▶ [Assignment]:
Output every line from the beginning of the records through the line that contains "為全面加強(qiáng)綠色", exactly as it appears.

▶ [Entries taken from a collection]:
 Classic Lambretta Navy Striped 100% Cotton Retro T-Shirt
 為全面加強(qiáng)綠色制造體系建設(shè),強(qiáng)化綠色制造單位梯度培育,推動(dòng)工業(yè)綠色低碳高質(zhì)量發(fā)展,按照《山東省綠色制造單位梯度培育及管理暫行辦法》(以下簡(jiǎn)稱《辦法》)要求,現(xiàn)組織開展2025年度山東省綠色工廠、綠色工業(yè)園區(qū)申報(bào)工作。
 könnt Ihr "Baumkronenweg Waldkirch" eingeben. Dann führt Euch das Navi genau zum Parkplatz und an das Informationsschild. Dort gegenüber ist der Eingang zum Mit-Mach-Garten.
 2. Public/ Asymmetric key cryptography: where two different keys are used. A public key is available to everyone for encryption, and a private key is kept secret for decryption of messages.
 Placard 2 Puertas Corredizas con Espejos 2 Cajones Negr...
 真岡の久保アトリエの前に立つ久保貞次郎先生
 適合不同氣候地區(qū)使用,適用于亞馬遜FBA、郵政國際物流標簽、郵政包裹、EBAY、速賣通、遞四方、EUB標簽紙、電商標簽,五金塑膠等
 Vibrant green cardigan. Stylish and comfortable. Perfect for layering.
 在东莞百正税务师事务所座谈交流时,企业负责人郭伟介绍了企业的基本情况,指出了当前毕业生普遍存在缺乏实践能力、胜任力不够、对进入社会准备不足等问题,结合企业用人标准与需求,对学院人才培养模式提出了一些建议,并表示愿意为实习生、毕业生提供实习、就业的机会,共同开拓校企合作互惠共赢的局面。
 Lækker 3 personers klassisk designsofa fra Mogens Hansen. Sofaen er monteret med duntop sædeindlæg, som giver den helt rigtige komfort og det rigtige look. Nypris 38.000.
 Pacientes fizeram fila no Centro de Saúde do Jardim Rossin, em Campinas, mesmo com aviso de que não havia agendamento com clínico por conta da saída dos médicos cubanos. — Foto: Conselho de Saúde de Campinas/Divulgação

▶ [Answer section]:
 Classic Lambretta Navy Striped 100% Cotton Retro T-Shirt
 為全面加強(qiáng)綠色制造體系建設(shè),強(qiáng)化綠色制造單位梯度培育,推動(dòng)工業(yè)綠色低碳高質(zhì)量發(fā)展,按照《山東省綠色制造單位梯度培育及管理暫行辦法》(以下簡(jiǎn)稱《辦法》)要求,現(xiàn)組織開展2025年度山東省綠色工廠、綠色工業(yè)園區(qū)申報(bào)工作。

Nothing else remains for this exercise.